The state’s teen birth rate reached its lowest level ever recorded last year, according to a new report from the Massachusetts Department of Public Health. But while improvement occurred among all groups statewide, huge ethnic and regional disparities remain.
For Massachusetts’ Hispanics, the teen birth rate was nearly seven times that of white teens in 2013; for black teens, the rate was three times greater than white teens. Still, for both groups the rate was half what it had been a decade earlier.
The Massachusetts report credits the wider availability of contraceptives, especially the long-acting forms, as well as educational initiatives and targeted efforts to reach out to teens at high risk of early pregnancy.
The 2013 Massachusetts Birth Report, released Friday morning, found that the birth rate for teens age 15 to 19 was 12 births per 1,000 women, down from 14 per 1,000 in 2012, and substantially lower than the rate of 35.4 per 1,000 in 1990.
“This is terrific news for all Massachusetts families, and a dramatic indication that our decisions to invest in our young people — through education, support, and resources — can have a real and lasting impact on their lives and in their communities,” Governor Deval Patrick said in a statement.
Massachusetts has historically had a lower incidence of teen births than the rest of the country, and in 2013, its rate was less than half the national rate of 26.6 per 1,000 women. The national rate, however, is declining steadily, too.
But as with many aspects of health, the benefits are not spread equally.
Maisha Douyon Cover, acting director of the Health Equity Program at Brigham and Women’s Hospital in Boston, said that girls in poor and minority communities often do not have access to accurate information about contraceptives. Many are not aware of the variety of options available to them or are misinformed about side effects, she said.
Programs that deploy “peer leaders” to disseminate information about healthy relationships and violence prevention also prevent pregnancy because they help youngsters learn how to navigate their relationships and set goals, Douyon Cover said. “These programs create all these positive things around teens,” she said.
In some communities, a cultural reluctance to discuss sexuality and religious proscriptions against birth control contribute to teen births, said Molly Baldwin, chief executive and founder of Roca, an organization working in Greater Boston and Springfield to lift high-risk young people out of violence and poverty.
“Some young people,” Baldwin added, “feel like what they’re supposed to do is have children, as opposed to going to college, getting training, getting a job. They think that’s how life is.”
In Holyoke, which has the state’s highest teen birth rate, an agency called Girls Inc. tries to provide an alternative view. Girls Inc. offers after-school and summer programs focused on health, academics, and career development. Many of the participants live in poverty, with parents who never graduated high school; about 65 percent are Latina, executive director Suzanne Parker said.
This week, girls age 5 to 18 participated in a series of computer science activities at Girls Inc. of Holyoke. How does learning how to code prevent pregnancy?
“It opens their eyes to opportunities and hope for a future,” Parker said. “They can see a career path.”
Information about health is critical but insufficient, she said: “At that point of decision — ‘what path am I going to take in life?’ — they have to see a positive future for themselves.”
Holyoke’s teen birth rate in 2013 was less than half what it was a decade earlier.
In 2012, the first year for which state-by-state comparisons are available, Massachusetts had the second-lowest teen-pregnancy rate, after New Hampshire.
Over the years, Maine, Massachusetts, Minnesota, New Hampshire, and Vermont have tended to have the lowest rates, while the highest proportion of teens get pregnant in Arkansas, Louisiana, Mississippi, New Mexico, Oklahoma, and Texas.
A review this past summer by the Guttmacher Institute, a research and educational group concerned with reproductive health, concluded that nationwide, “more and better contraceptive use has been the main factor driving the long-term decline in teen pregnancy.”
The proportion of teens who have sex has not changed in recent years, but “adolescents today are seeking and taking more responsibility for themselves,” the Guttmacher report said.

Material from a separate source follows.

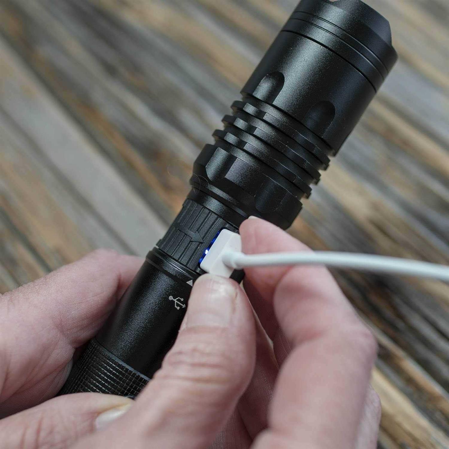• Flashlight recharges with a USB connector that plugs in to your computer, laptop or any A/C power.
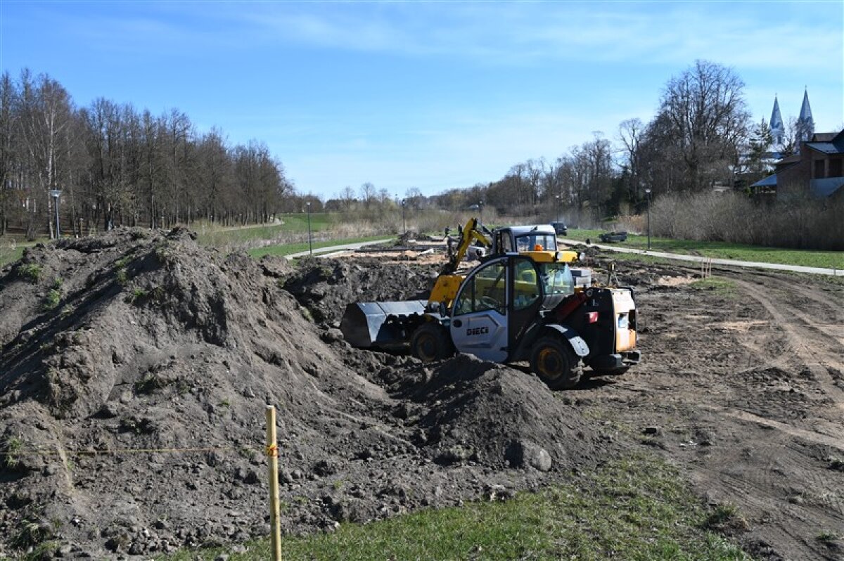 Prasidėjusius darbus apžiūrėti atvyko Pakruojo rajono savivaldybės vicemerė Simona Lipskytė bei savivaldybės administracijos direktorė Aušra Dvelienė. Šiuo metu parko saloje vyksta grunto kasimo, žaidimų aikštelės pagrindo paruošimo darbai, dedami bordiūrai bei ruošiamasi tolesniems aikštelės įrengimo etapams.

Because of changes in medical guidelines, teen girls can now obtain long-acting contraceptives without having to undergo a pelvic exam.
But other factors also might play a role, the report said. American women in general are having children later in life, and teens might simply be following this trend. Media coverage of the consequences of early pregnancy might also have influence.
Teen pregnancy hurts both mother and child. According to the National Campaign to Prevent Teen and Unplanned Pregnancy, only 38 percent of girls who have a child before age 18 get a high school diploma by age 22. Two-thirds of teen mothers who leave their families’ households are living below the poverty level, and 63 percent of teenage mothers receive some type of public benefits. Their children score worse on measures of school readiness.
“Teen pregnancy can have serious consequences in so many aspects of a young person’s future, from lower educational attainment to higher rates of marital instability and single parenthood,” said John Polanowicz, the Massachusetts secretary of Health and Human Services. “That’s why it is so important that we continue to work with our partners to drive the teen birth rate even lower.”